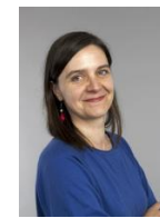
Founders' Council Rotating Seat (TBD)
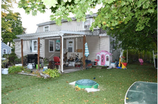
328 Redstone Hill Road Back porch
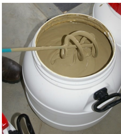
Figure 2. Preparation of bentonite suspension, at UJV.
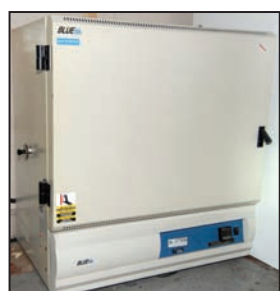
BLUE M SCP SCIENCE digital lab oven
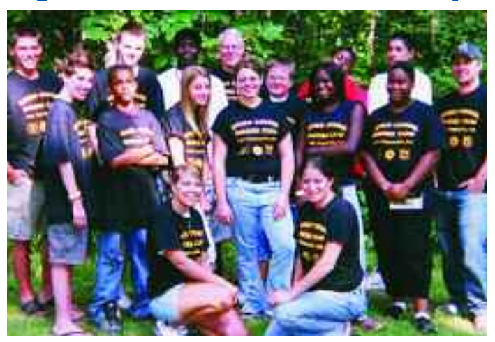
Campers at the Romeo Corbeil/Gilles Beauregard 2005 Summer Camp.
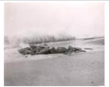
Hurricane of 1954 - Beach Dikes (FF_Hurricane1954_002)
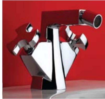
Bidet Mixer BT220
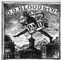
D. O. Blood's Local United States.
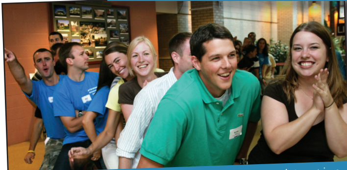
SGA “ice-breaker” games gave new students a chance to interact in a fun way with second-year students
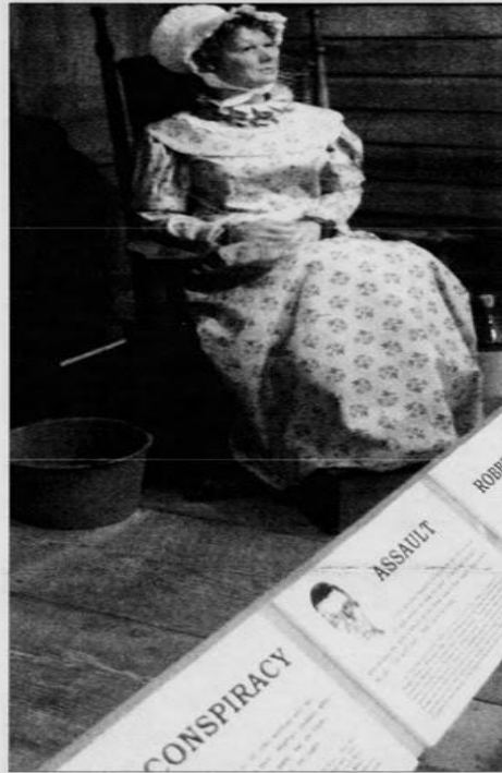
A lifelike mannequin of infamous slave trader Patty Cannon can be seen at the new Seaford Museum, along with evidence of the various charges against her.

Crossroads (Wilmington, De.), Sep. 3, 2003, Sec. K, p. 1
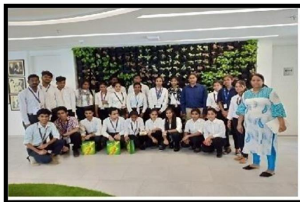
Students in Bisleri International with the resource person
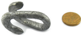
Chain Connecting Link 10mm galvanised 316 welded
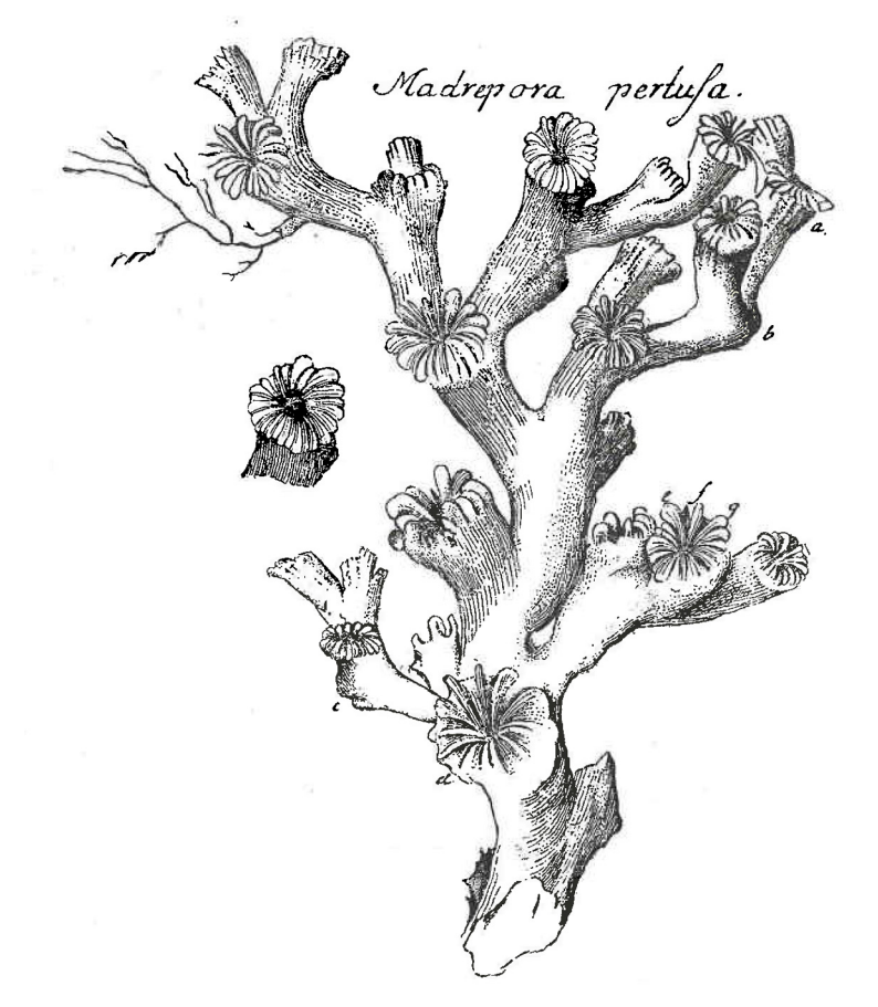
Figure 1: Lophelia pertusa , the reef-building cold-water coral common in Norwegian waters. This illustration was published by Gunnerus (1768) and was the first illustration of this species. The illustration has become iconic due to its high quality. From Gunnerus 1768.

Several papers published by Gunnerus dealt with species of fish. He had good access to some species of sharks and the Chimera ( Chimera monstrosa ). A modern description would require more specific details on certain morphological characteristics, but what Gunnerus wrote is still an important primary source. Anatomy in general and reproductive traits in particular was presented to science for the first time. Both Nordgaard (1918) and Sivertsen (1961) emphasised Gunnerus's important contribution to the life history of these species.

--- --- ---

- [ACTIVITY]: Transcribe every line in the entries above, taking out only the images.

- [ANSWER BELOW]:
Founders' Council Rotating Seat (TBD)
328 Redstone Hill Road Back porch
Figure 2. Preparation of bentonite suspension, at UJV.
BLUE M SCP SCIENCE digital lab oven
Campers at the Romeo Corbeil/Gilles Beauregard 2005 Summer Camp.
Hurricane of 1954 - Beach Dikes (FF_Hurricane1954_002)
Bidet Mixer BT220
D. O. Blood's Local United States.
SGA “ice-breaker” games gave new students a chance to interact in a fun way with second-year students
A lifelike mannequin of infamous slave trader Patty Cannon can be seen at the new Seaford Museum, along with evidence of the various charges against her.

Crossroads (Wilmington, De.), Sep. 3, 2003, Sec. K, p. 1
Students in Bisleri International with the resource person
Chain Connecting Link 10mm galvanised 316 welded
Figure 1: Lophelia pertusa , the reef-building cold-water coral common in Norwegian waters. This illustration was published by Gunnerus (1768) and was the first illustration of this species. The illustration has become iconic due to its high quality. From Gunnerus 1768.

Several papers published by Gunnerus dealt with species of fish. He had good access to some species of sharks and the Chimera ( Chimera monstrosa ). A modern description would require more specific details on certain morphological characteristics, but what Gunnerus wrote is still an important primary source. Anatomy in general and reproductive traits in particular was presented to science for the first time. Both Nordgaard (1918) and Sivertsen (1961) emphasised Gunnerus's important contribution to the life history of these species.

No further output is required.